Przemawiając na włoskiej targach Interpoma w zeszłym tygodniu, prezes Światowego Stowarzyszenia Jabłek i Gruszek (WAPA) Dominik Woźniak powiedział, że sytuacja plantatorów i eksporterów w jego rodzinnym kraju jest niezwykle trudna.
Głównymi czynnikami, które miały na to wpływ, był brak pracowników sezonowych z Ukrainy oraz wzrost kosztów produkcji.
Dominik Woźniak zauważył, że trudności w Polsce, z jakimi borykali się producenci w ostatnich miesiącach, są podobne do problemów, które dotknęły inne kraje europejskie, np. wzrost logistyki, koszty energii, agrochemikaliów i nawozów.
Wielu pracowników sezonowych w Polsce to Ukraińcy, którzy w związku z wydarzeniami na Ukrainie nie mogli uczestniczyć w żniwach.
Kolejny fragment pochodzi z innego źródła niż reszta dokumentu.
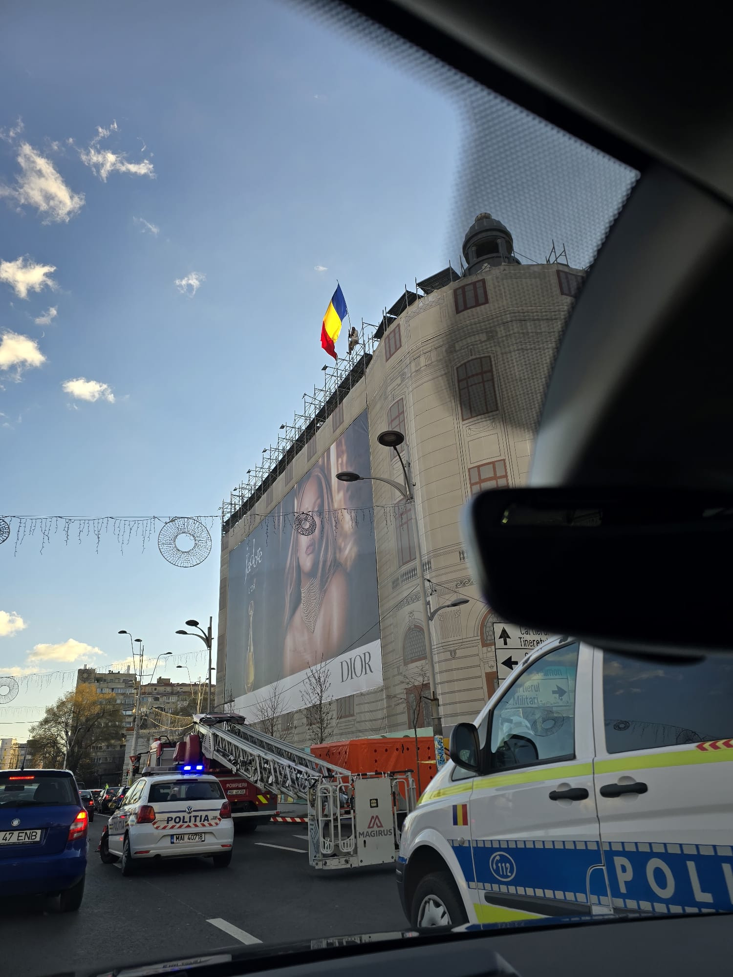 De asemenea, poliţiştii au delimitat şi au asigurat zona, în dreptul clădirii şi au fost aplicate restricţii de trafic rutier, pe benzile I şi II, sensul de mers dinspre Piaţa Romană către Piaţa Universităţii.

Oprócz tych trudności, wielu producentów zdecydowało się na wysyłkę jabłek bezpośrednio do przetwórstwa w zamian za niskie ceny, zamiast ponosić koszty ich przechowywania w chłodniach przez kilka kolejnych miesięcy.
Według WAPA łączne zbiory jabłek w Unii Europejskiej w sezonie 2022/23 wyniosą 12.2 mln ton. Najwięcej zbierze Polska – 4.75 mln ton, następnie Włochy i Francja – odpowiednio 2.05 mln ton i 1.39 mln ton.